Business organizations can be structured in various ways, in terms of their structures as legal entities and also in terms of the internal structure and management processes. The corporation is one type of business structure. (Figure 1)
Compared to other business structures, such as sole proprietorships and partnerships, the corporation is less simple to found and maintain, one of its disadvantages. The incorporator must file articles of incorporation with the secretary of state’s office in the state in which it will be incorporated, as well as hold an organizational meeting to elect a board of directors. The structure also generally requires the maintenance of at least annual reporting. In many jurisdictions corporations, whose shareholders benefit from limited liability, are required to publish annual financial statements and other data, so that creditors who do business with the corporation are able to assess the creditworthiness of the corporation and cannot enforce claims against shareholders. Shareholders, therefore, experience some loss of privacy in return for limited liability. There is also the issue of double taxation, wherein the corporation is taxed on its profits and shareholders are also taxed on their earnings.

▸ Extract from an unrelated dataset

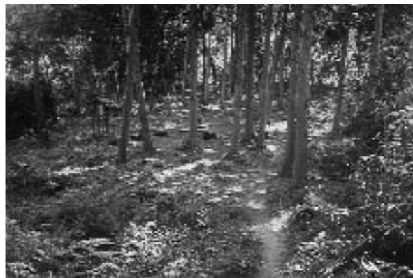
▲ 多治比猿掛城跡・本丸跡

One of the most favorable advantages of the corporate structure is the protection of personal assets. Stockholders, directors, and officers of a corporation are typically not liable for the company's debts and obligations. They are limited in liability to the amount they have invested in the corporation. This limited liability also makes financing more attractive from a risk perspective. Also, because the corporation is an entity separate from its owners, ownership is easily transferable. Similarly, the corporation does not cease to exist with the death of shareholders, directors, or officers of the corporation. Another benefit of the corporate structure is that, in the United States, corporations are generally taxed at a lower rate than are individuals.

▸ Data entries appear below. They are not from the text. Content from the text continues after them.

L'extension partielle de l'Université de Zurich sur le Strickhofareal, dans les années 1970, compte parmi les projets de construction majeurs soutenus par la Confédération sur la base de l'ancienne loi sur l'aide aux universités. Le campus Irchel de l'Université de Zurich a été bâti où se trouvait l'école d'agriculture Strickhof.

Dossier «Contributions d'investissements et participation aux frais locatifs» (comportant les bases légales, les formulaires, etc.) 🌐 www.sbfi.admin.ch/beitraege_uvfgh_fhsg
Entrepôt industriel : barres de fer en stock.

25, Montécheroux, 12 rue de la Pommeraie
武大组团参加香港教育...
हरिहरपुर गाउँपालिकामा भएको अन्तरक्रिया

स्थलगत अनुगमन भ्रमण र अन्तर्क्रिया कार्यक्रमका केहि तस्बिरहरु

Best of Both Worlds: The S Corporation
S corporations are merely corporations that elect to pass corporate income, losses, deductions, and credit through to their shareholders for federal tax purposes. S status combines the legal environment of standard corporations with U.S. federal income taxation similar to that of partnerships. As with partnerships, the income, deductions, and tax credits of an S corporation flow through to shareholders annually, regardless of whether distributions are made. Thus, income is taxed at the shareholder level and not at the corporate level. Payments to S shareholders by the corporation are distributed tax-free to the extent that the distributed earnings were previously taxed. Also, certain corporate penalty taxes (e.g., accumulated earnings tax, personal holding company tax) and the alternative minimum tax do not apply to an S corporation.